人間の体は重力とバランスをとって立っています。重力との関係の中で骨格や内臓や筋肉が本来あるべき場所に収まっているとき、健康でもっとも高いパフォーマンスを発揮できると考えられています。そのため重力との調和がくずれることで、さまざまな不調やパフォーマンスの低下が生じます。
筋膜というのは、筋肉を包んでいる膜と思われがちですが、ロルフィングでは骨や血管、神経、内臓などを包んでいる膜も含めて考えています。筋膜はパーツがその場所に収まるよう、固定する役目を果たしています。弾力があり、クッション材の役目もあります。パーツ同士が滑りがいい状態が理想的です。そうして、それぞれの骨や筋肉を包みながらお互いにをつなげている部品が筋膜なんです。
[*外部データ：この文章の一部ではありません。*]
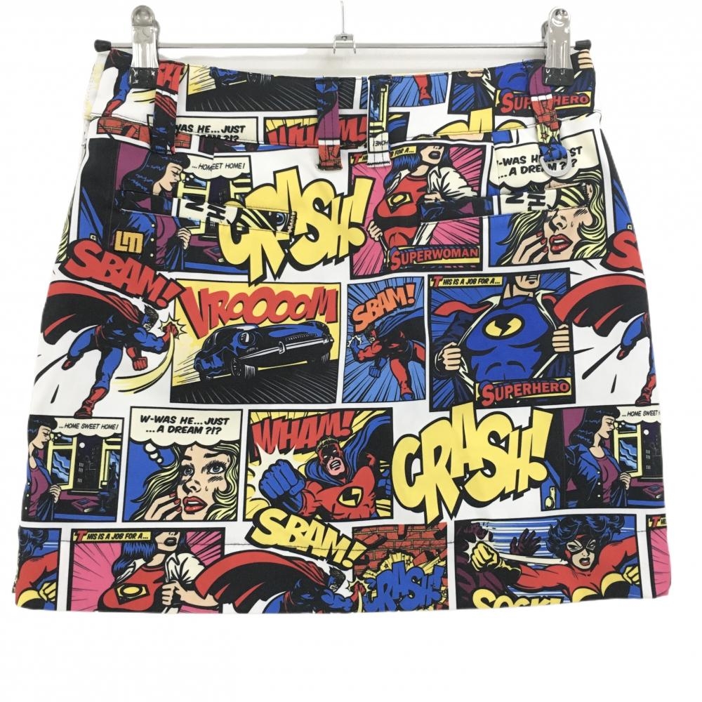 【超美品】ラウドマウス スカート 白×マルチカラー クラッシュ 内側インナーパンツ レディース S ゴルフウェア LOUDMOUTH

つまり筋膜は全身のパーツをつなげて、姿勢や動きのベースを作っているんですね。
だから、ひとつひとつの筋肉をバラバラに鍛えるだけではだめなんです。体というのはつながりを持って機能しているからです。筋膜のつながり方を理解しておくと、お互いに影響を与えあっている場所を把握できます。
本日のテーマである股関節がうまく動いているときは、その前提として、いくつもの筋膜のつながりを介して肩の関節が動いています。逆も同じです。
エクササイズ前のチェック
まず、エクササイズ前の体の状態をチェックしましょう。
脚を曲げずに前屈してみます。どこに制限を感じますか?
歩きます。自分がどう歩いてるかを感じてみます。重心の移動、足裏のつき方など。
次に、床に寝て、ひざを立ててヒップリフトをします。すると、大臀筋を中心にお尻の筋肉にスイッチが入るはずです。しかし実際には、うまく使えていない人が多いですね。
そういう人は、前屈したときに、ひざ裏が痛かったり腰が伸びなかったりします。
どうすれば、大臀筋などのお尻の筋肉のスイッチを効果的に入れられるでしょうか?